▸ **Description of the task**
Span requested from the data below: the line with "طقم اقلام فحم + محاية + دمج 7 قطع" through the line with "最近,小院里景观焕新,挂上了", both included. Give only these lines again, exactly, and leave every picture out.

▸ **Information supplied**

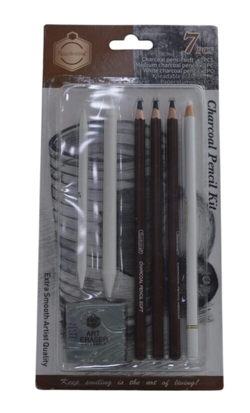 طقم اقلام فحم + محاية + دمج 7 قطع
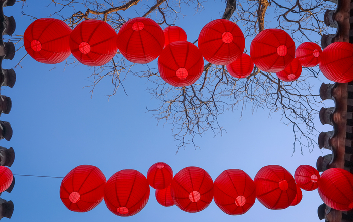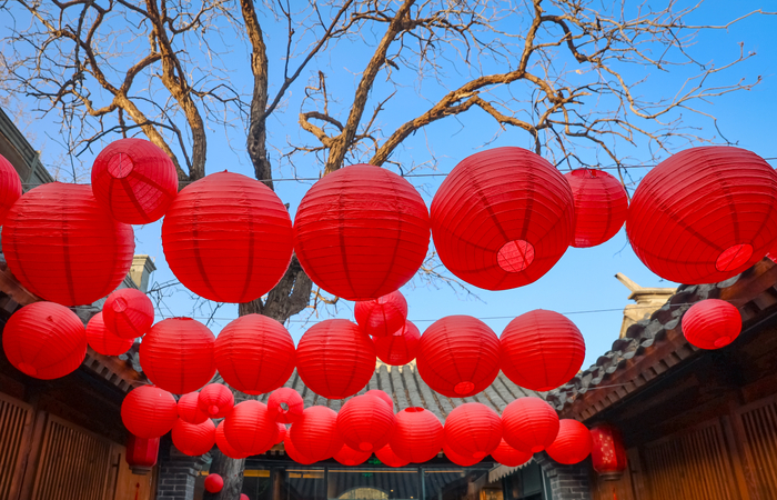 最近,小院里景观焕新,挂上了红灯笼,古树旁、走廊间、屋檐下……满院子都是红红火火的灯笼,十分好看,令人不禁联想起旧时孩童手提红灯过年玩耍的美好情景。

--

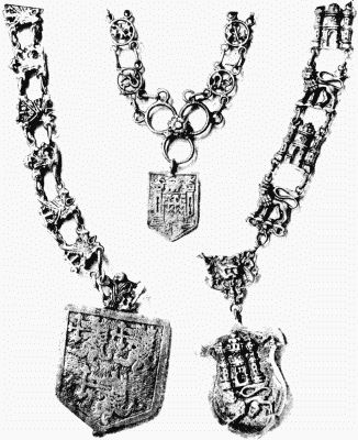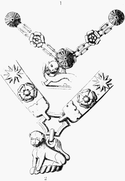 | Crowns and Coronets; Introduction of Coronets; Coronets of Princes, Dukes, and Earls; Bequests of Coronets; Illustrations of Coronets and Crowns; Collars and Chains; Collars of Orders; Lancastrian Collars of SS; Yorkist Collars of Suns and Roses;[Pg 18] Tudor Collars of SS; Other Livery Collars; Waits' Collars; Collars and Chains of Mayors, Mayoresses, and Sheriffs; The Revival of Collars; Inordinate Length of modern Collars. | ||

==

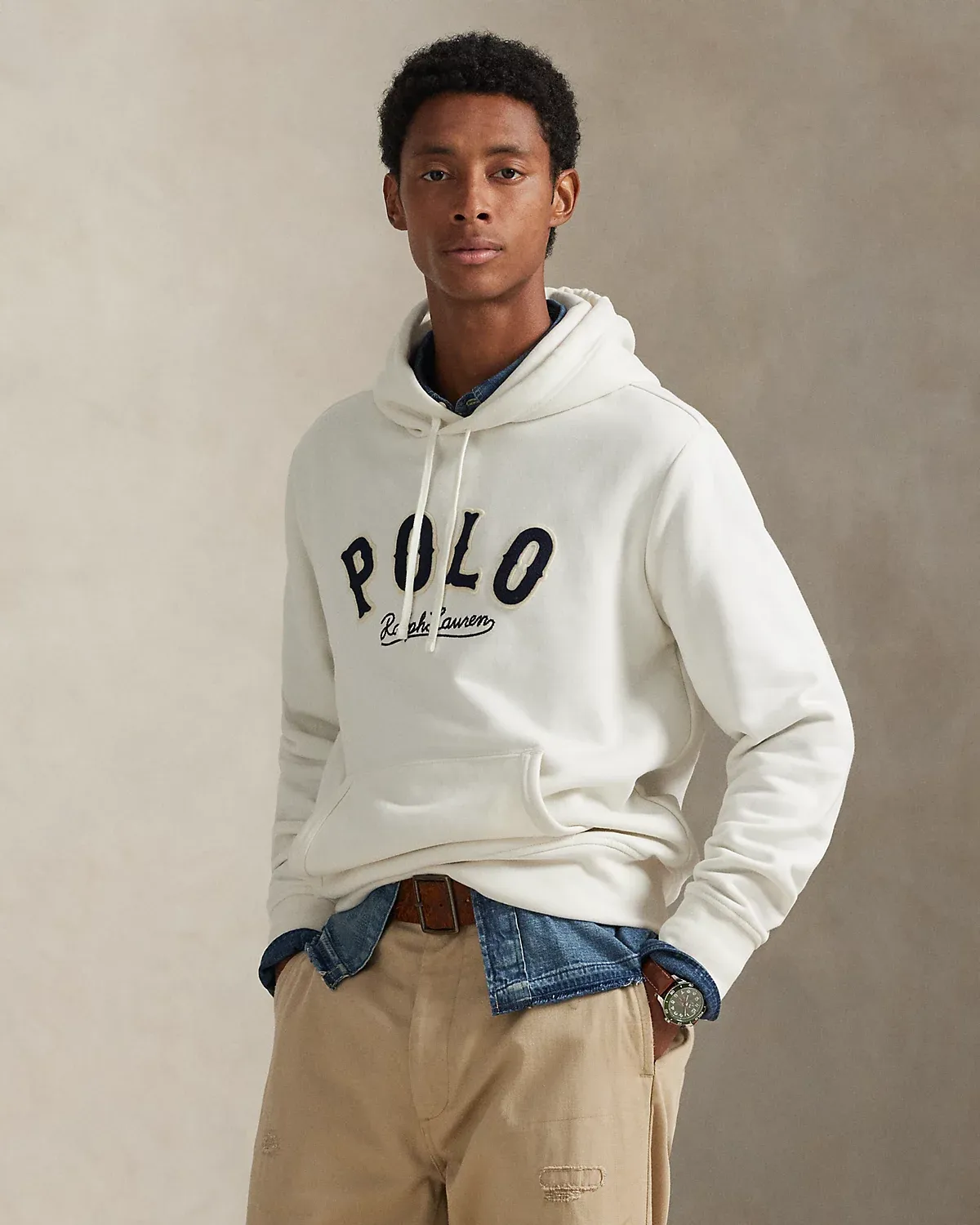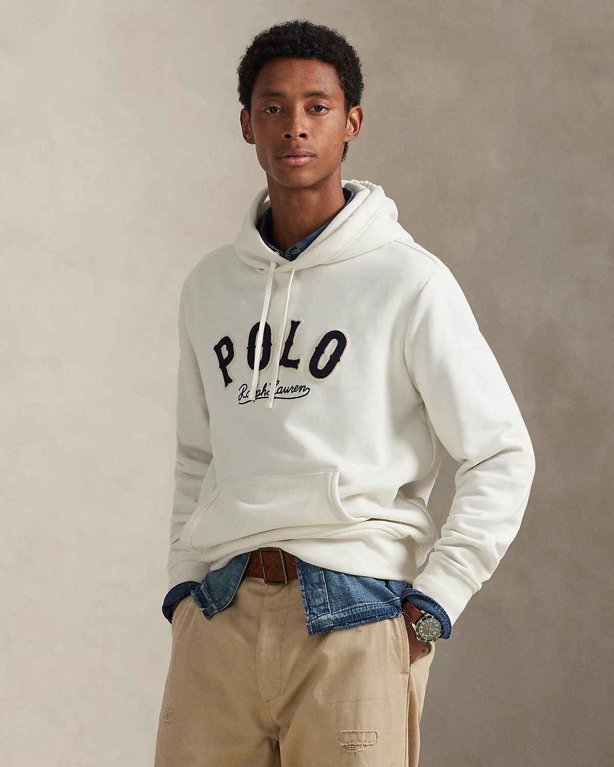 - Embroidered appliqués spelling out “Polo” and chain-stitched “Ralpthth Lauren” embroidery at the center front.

▸ **Completed task**
 طقم اقلام فحم + محاية + دمج 7 قطع
 最近,小院里景观焕新,挂上了红灯笼,古树旁、走廊间、屋檐下……满院子都是红红火火的灯笼,十分好看,令人不禁联想起旧时孩童手提红灯过年玩耍的美好情景。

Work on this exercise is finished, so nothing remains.